Выбрать главу

— Надо было слушать меня, — прошепелявил он. Иногда он прикладывался к фляжке с выпивкой, которую Фериус хранила в седельной сумке. Я несколько раз открывал и закрывал рот и, наконец, сумел произнести слова внятно, хотя мне было больно.

— Это в чем же?

Рейчис снова фыркнул мне в ухо. Это он так вздыхает.

— Во-первых, вцепиться зубами ему в глотку, — он широко раскрыл пасть, демонстрируя клыки, и выпятил челюсть. — А потом трясти, пока горло не порвется. Пустяк.

— Ага. В следующий раз запомню.

Нет смысла спорить о драках с белкокотом. Всякий раз, когда я вступал в спор, он кусал меня и говорил: «Видишь? Видишь? Ну и кто теперь глупое бессловесное животное?»

— А еще можно глаза вырвать, — добавил он. — Тоже работает.

— Понял.

— Или уши оторвать. Так сразу и не подумаешь, но, когда отрываешь кому-то уши, ему и правда больно.

Фериус усмехнулась.

— Мелкий засранец опять про глаза талдычит?

У Фериус нет такой связи с Рейчисом, благодаря которой у меня в голове его верещание и ворчание превращаются в слова, но она явно провела достаточно времени в обществе белкокотов, чтобы знать, что они считают себя лучшими среди хищников.

— Сейчас он начал про уши, — ответил я.

Фериус покачала головой, и ее рыжие кудри тоже всколыхнулись.

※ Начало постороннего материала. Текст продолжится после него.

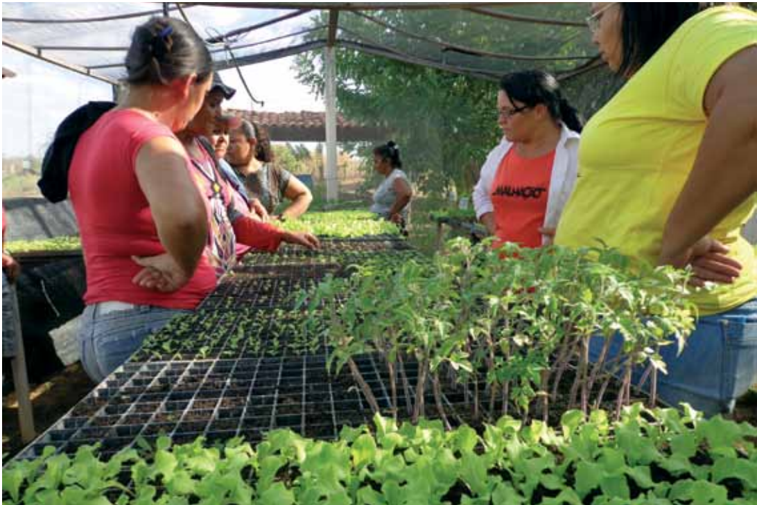
Caraúbas, Rio Grande do Norte

e quais eram os principais obstáculos que elas enfrentavam no acesso às políticas públicas. Com isso, foi possível definir uma linha de base que orientou os passos seguintes do trabalho das equipes. Estratégias desenhadas como a formação de comitês de mulheres nos Colegiados Territoriais foram reafirmadas. Foram também definidos temas e/ou conteúdos a aprofundar no debate em oficinas e seminários.
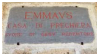
RETIRO DEL CONSEJO GENERAL EN CASA EMMAUS DE BAGNOREGIO
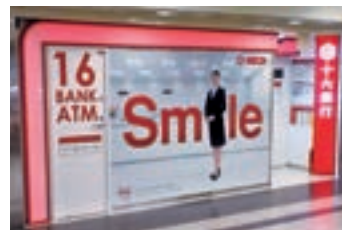
栄森の地下街ATMコーナー

市営地下鉄栄駅は、地下鉄名古屋駅に次いで利用の多い駅であり、毎日多くのお客さまにご利用いただいています。
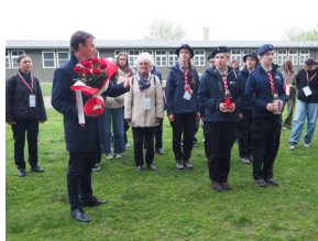
Wyprawa do Niemiec na uroczystości 79. rocznicy oswobodzenia KL Ravensbrück.
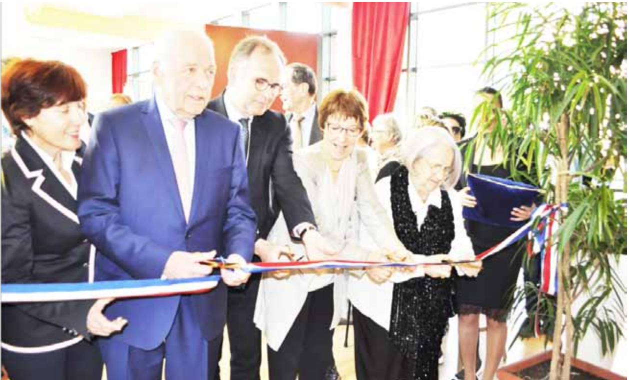
Découpe du ruban

— С белкокотами всегда так. Глаза, уши, языки. Хоть бы что-то новенькое иногда придумывали.

— Эй, я вшегда говою — абоает — и хоошо.

Я повернул голову и посмотрел на Рейчиса.

— Ты что, пьян? Говоришь как-то странно.

Фериус усмехнулась.

— Он не пьян, малыш.

— Тогда что же?..

Нечто вроде самодовольной ухмылки осветило мохнатую мордочку белкокота.

— Что ты натворил, Рейчис?

Он не ответил, поэтому я уставился на него в упор. От игры в гляделки ему не по себе. Через несколько секунд он открыл пасть, поднял язык, и я увидел три монетки.

— Вот паршивец… Ты пробрался в лавку? Пока из меня делали отбивную, ты залез в лавку и снова украл?

Рейчис соскочил с моего плеча на переднюю часть седла, залез лапой в пасть и достал монетки.

— Эй, забыл, что ли, что эти жлобы ограбили нас? — пробормотал он. — Должен же был кто-то вернуть наши потом и кровью заработанные денежки.

И он запихнул монетки в черный мешочек под седло. Он попросил меня купить этот мешочек, чтобы ему было где хранить свои личные сокровища, и однозначно дал понять, что случится с пальцами, которые случайно залезут внутрь. Вот вам и «наши» потом и кровью заработанные деньги.

Мы ехали, пока солнце не скрылось за горизонтом. Только тогда Фериус спросила:

— Готов поговорить о том, что произошло в городке, малыш?

— Когда меня едва не задушили?

— Когда ты едва не оторвал мальчишке голову своим заклинанием.

Предполагалось, что Фериус учит меня выживать. Как по мне, она куда больше беспокоилась о других людях.

— Таким количеством порошка никого не убьешь, — настаивал я. — Разве что…

— Разве что… Подожжешь? Изуродуешь на всю жизнь?

— Это все Черная Тень, — попытался объяснить я. — Иногда от нее…

— Она показывает тебе безобразие этого мира, Келлен, — оборвала меня Фериус. — Это не дает тебе права быть таким же безобразным. Путь аргоси не такой.

«Путь аргоси. Что бы это ни значило».

Я хотел отвернуться, но она протянула руку и взяла меня за подбородок. Хватка у нее была цепкой, ей даже не помешало то, что мы ехали верхом.

— Линий становится больше каждый раз, как ты используешь магию, верно?

— Тебе кажется, — сказал я, стряхивая ее руку. — И вообще, как еще мне защищаться, если ты не учишь меня боевым приемам аргоси?

— Сколько раз говорить тебе, малыш, таких приемов не существует, — она достала из жилетного кармана длинную тонкую курительную соломинку. — Драцца — тоже не путь аргоси.

«Драцца» — так Фериус говорит всякий раз, как я влипаю в неприятности.

— Но я же видел, как ты побила этого амбала в городке. Он же был здоровый, как буйвол.

— Не маленький, — согласилась Фериус. — Но я с ним не дралась. Я с ним немного потанцевала.